The little Christian American Nationalist themed chapel didn’t bother me. Our New Jersey cowboy seemed a little like me. He was seeking, rambling around empty places a soul of solitude. Simply there to observe letting a person or place speak for itself. He believes in the myth still hopes to find that idyllic Middle America. I have found a little bit to worship in every place and person I’ve encountered. I have loved the preserved sites of the First Peoples, the Civil War, and natural habitats. There are too few of them. I slide through America on my solo journeys becoming more in touch with my humanity.

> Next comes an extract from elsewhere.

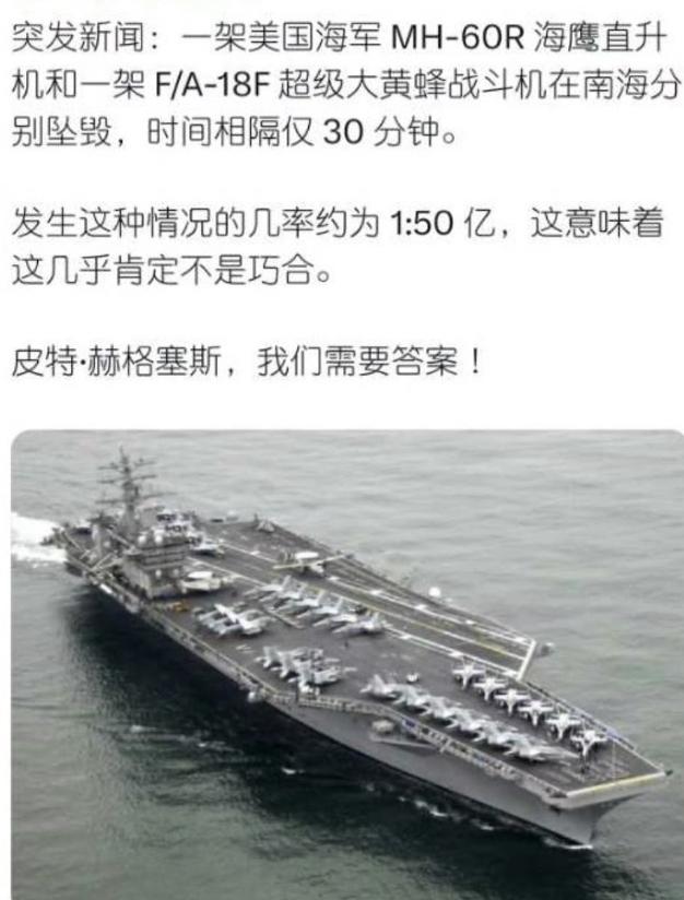 美军确实不行了,30分钟掉了两架飞机,时后连掉海里的飞机都不要了,仓皇返航。原本是来耀武扬威的,结果却丢人现眼。美国人必须承认一个事实,服役50多年的“尼米兹号”航空母舰“的确是太老了”。用这样的老古董来南海“搞事情”,显然是不可能的。目前原因未知,但是在我看来,不管是什么原因,都意味着美军的衰落开始了。事实证明,美军就是个纸老虎。最后我有个疑问,既然排除了人为的干扰,为什么这艘航母突然就跑了?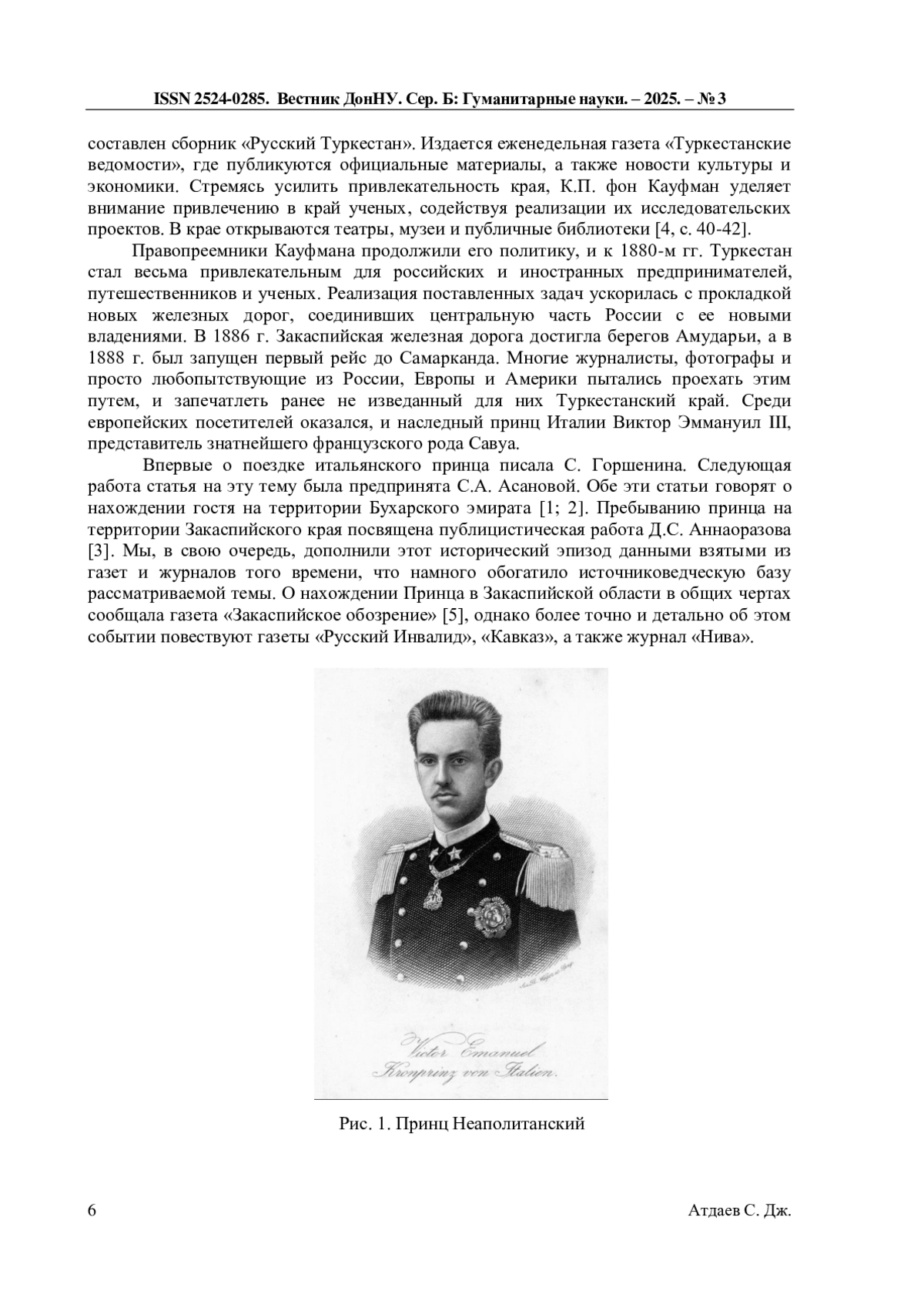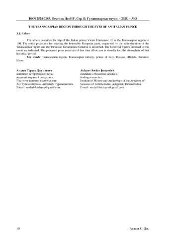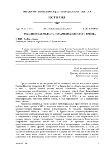 Представленная на рассмотрение работа посвящена поездке наследного принца Италии Виктора Эммануила III (1869–1947) в Закаспийскую область, предпринятой им в 1890 г.

Slowly I have learned to interact on social media more like real life. I have a Trump loving Tea Party flag flying neighbor. I don’t go try to enlighten him; I wave as I meet him. Far too many people want other people to agree with them. They fear the other, the person unlike them. All we need is to respect the other and be respected in return. We have lost the permanent communities. We are a mobile society now. We do not have to meet in a common space. We do not even have to know a neighbor. In the farm community I grew up in people knew the neighbor would likely be a neighbor for life. Even if they could not stand the neighbor, they would still meet in the common ground of the store, school, and church. We need to respect a person as a part of the community, as we used to in our small towns. We do not need to agree with them. This is the middle we must reunite in. A middle of respect that we all belong in the common space. We are all aspiring Americans none of us are ‘Real Americans.’ We must bring the middle in our own souls, we must offer respect, a common ground within our own being. I do not ignore the evil I encounter, but I will not let it define me. I seek not just the middle ground; I seek a higher ground.
With one Covid vaccination down I am looking forward to a return to my searches of solitude. One imperfect being poking around America discovering other people and other places. I do not drive a Jeep, but a now aging Chrysler Crossfire. An aging man who seems a curiosity simply following his own curiosity. If you encounter me, I cannot tell you where the middle is to be found. I will offer a smile, a jest, a story. I will meet you in the common ground within me. Keep making ads Chrysler, keep offering prayers, and dreams. Keep giving Amerrica something to discuss besides what was it with all those white faced masks at halftime.